*** Block opens ***

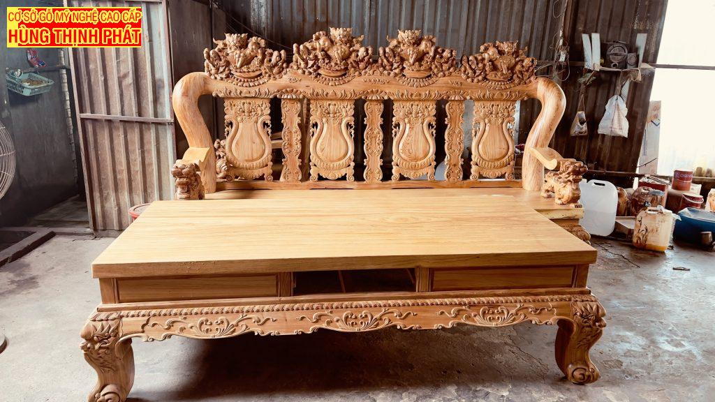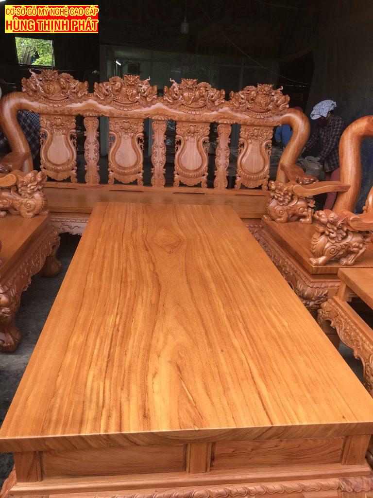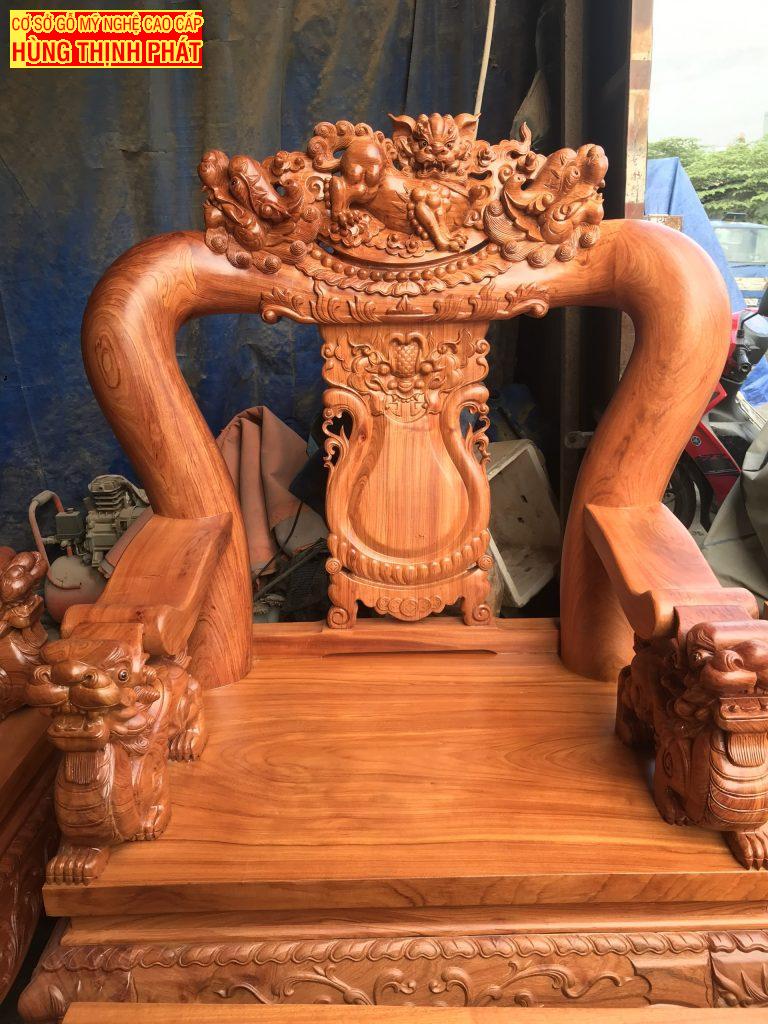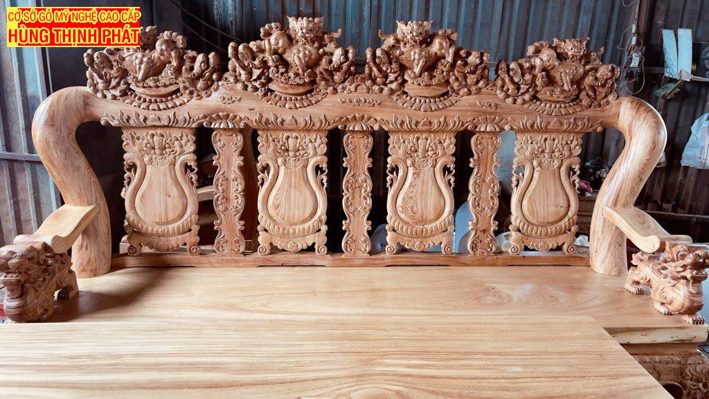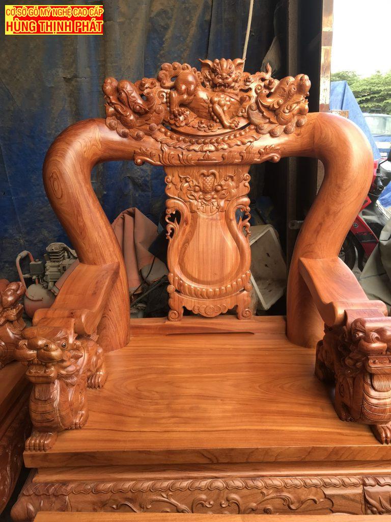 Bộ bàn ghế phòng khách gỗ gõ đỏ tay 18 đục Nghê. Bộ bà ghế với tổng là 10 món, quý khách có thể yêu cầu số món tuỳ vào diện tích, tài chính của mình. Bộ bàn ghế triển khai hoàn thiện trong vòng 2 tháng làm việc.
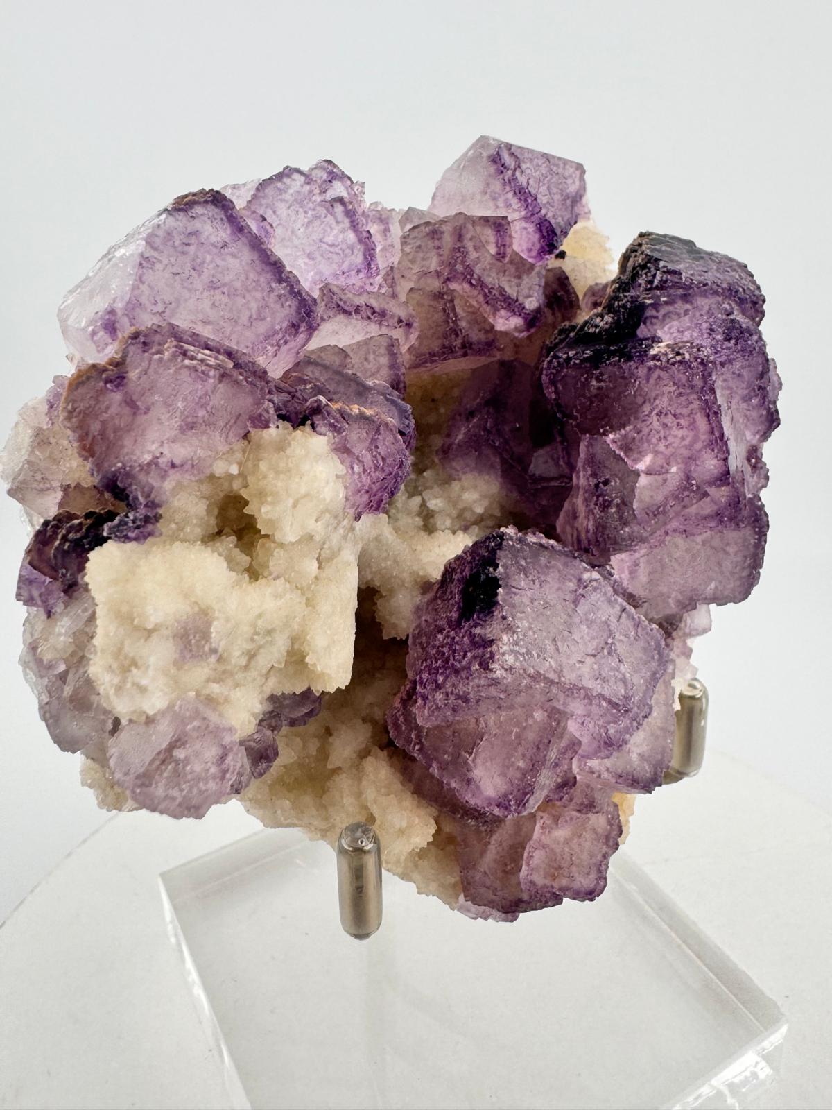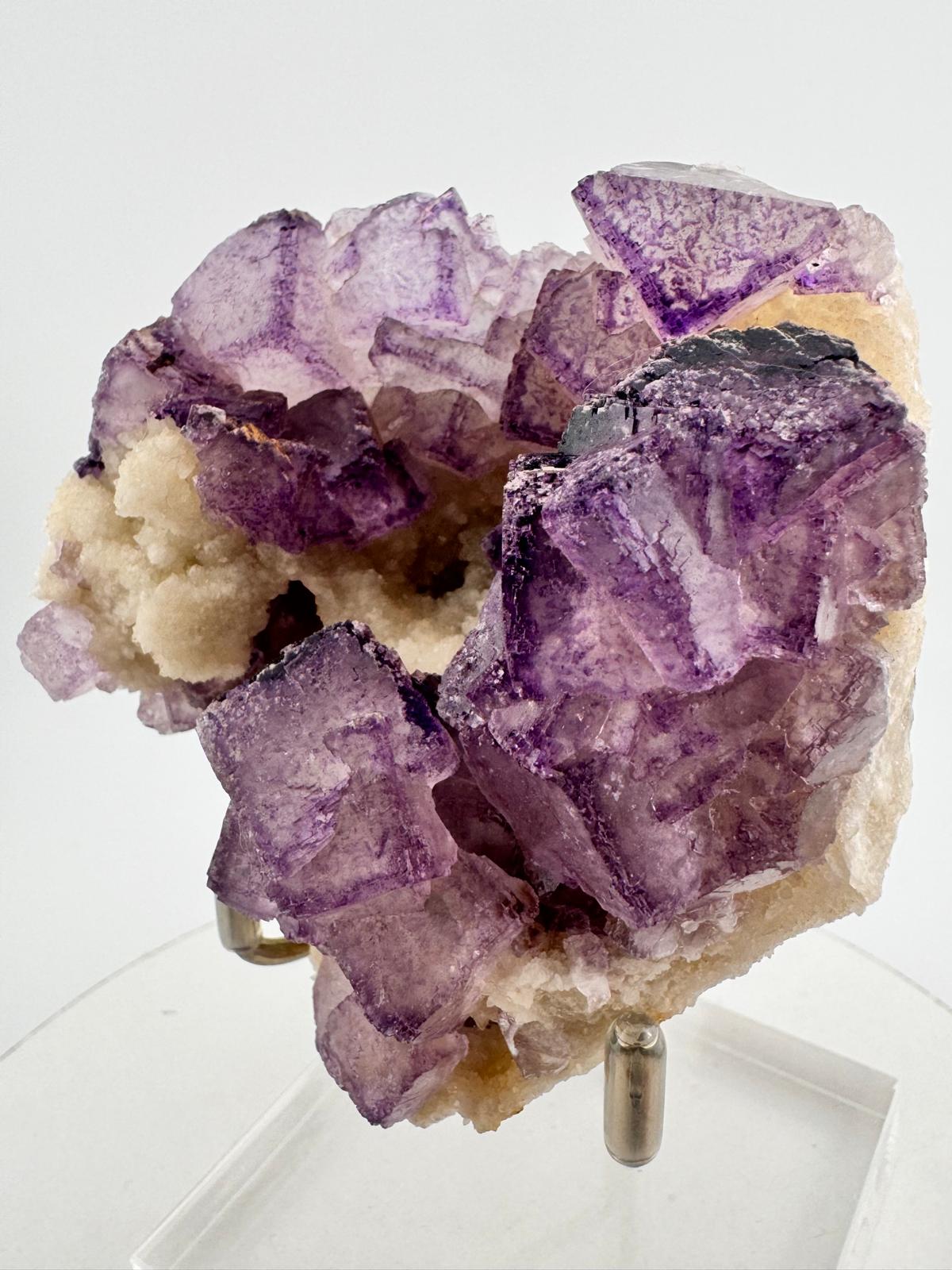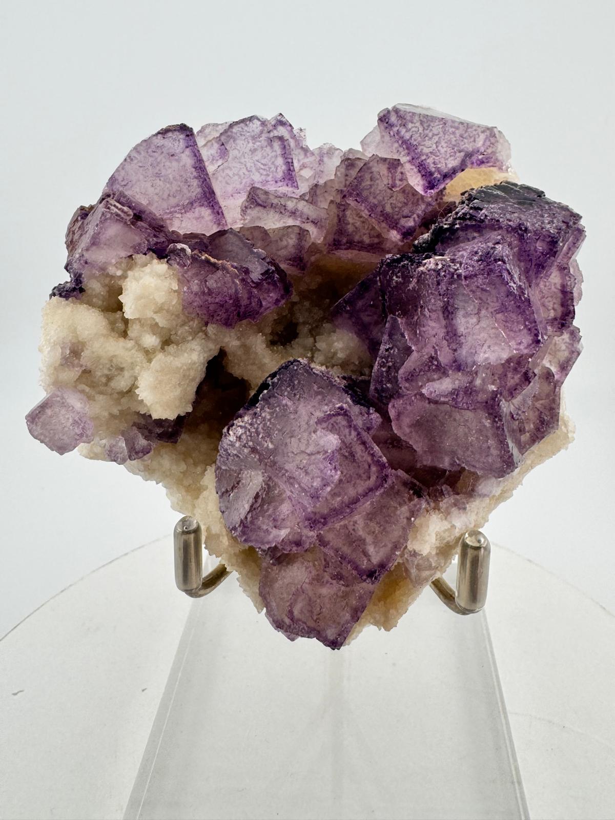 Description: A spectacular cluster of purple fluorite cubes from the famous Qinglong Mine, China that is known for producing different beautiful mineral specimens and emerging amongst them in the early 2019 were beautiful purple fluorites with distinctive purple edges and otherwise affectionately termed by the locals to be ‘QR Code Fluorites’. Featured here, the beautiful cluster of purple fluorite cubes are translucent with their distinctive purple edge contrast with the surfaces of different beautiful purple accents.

*** Block closes ***
*** Block opens ***

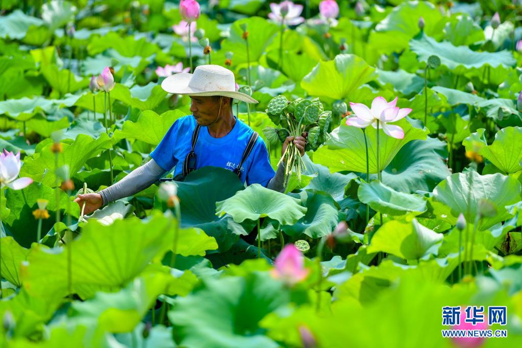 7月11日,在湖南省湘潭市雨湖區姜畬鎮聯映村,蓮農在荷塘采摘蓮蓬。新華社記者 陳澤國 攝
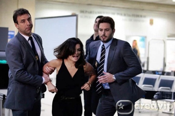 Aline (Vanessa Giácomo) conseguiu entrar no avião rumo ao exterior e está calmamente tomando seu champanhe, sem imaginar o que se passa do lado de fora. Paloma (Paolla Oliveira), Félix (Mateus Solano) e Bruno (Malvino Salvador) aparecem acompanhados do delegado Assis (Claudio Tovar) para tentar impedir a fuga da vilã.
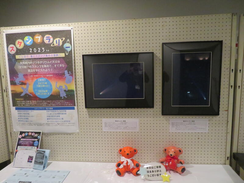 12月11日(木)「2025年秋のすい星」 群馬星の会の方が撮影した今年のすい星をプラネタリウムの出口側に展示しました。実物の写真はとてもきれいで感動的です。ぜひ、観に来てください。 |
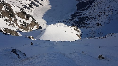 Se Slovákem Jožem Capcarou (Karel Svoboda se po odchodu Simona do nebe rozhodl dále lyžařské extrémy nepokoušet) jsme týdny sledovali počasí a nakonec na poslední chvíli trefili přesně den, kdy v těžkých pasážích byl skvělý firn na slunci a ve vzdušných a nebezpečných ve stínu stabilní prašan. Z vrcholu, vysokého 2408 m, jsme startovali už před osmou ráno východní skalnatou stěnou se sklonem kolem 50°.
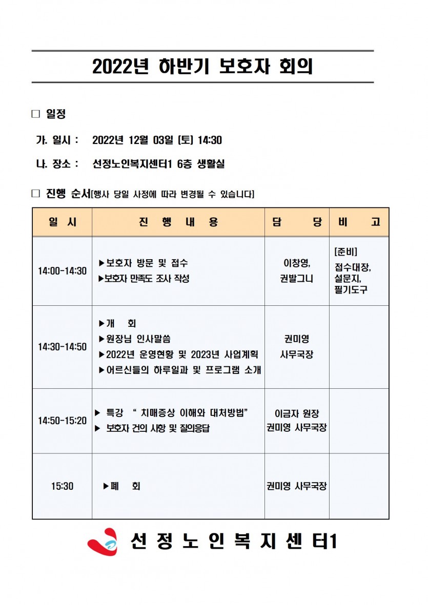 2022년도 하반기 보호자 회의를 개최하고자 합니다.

*** Block closes ***

- [Task item]:
What you return must match the lines above from the one with "Bộ bàn ghế phòng" through the one with "Description: A spectacular" exactly, with both ends included and the pictures excluded.

- [The answer]:
 Bộ bàn ghế phòng khách gỗ gõ đỏ tay 18 đục Nghê. Bộ bà ghế với tổng là 10 món, quý khách có thể yêu cầu số món tuỳ vào diện tích, tài chính của mình. Bộ bàn ghế triển khai hoàn thiện trong vòng 2 tháng làm việc.
 Description: A spectacular cluster of purple fluorite cubes from the famous Qinglong Mine, China that is known for producing different beautiful mineral specimens and emerging amongst them in the early 2019 were beautiful purple fluorites with distinctive purple edges and otherwise affectionately termed by the locals to be ‘QR Code Fluorites’. Featured here, the beautiful cluster of purple fluorite cubes are translucent with their distinctive purple edge contrast with the surfaces of different beautiful purple accents.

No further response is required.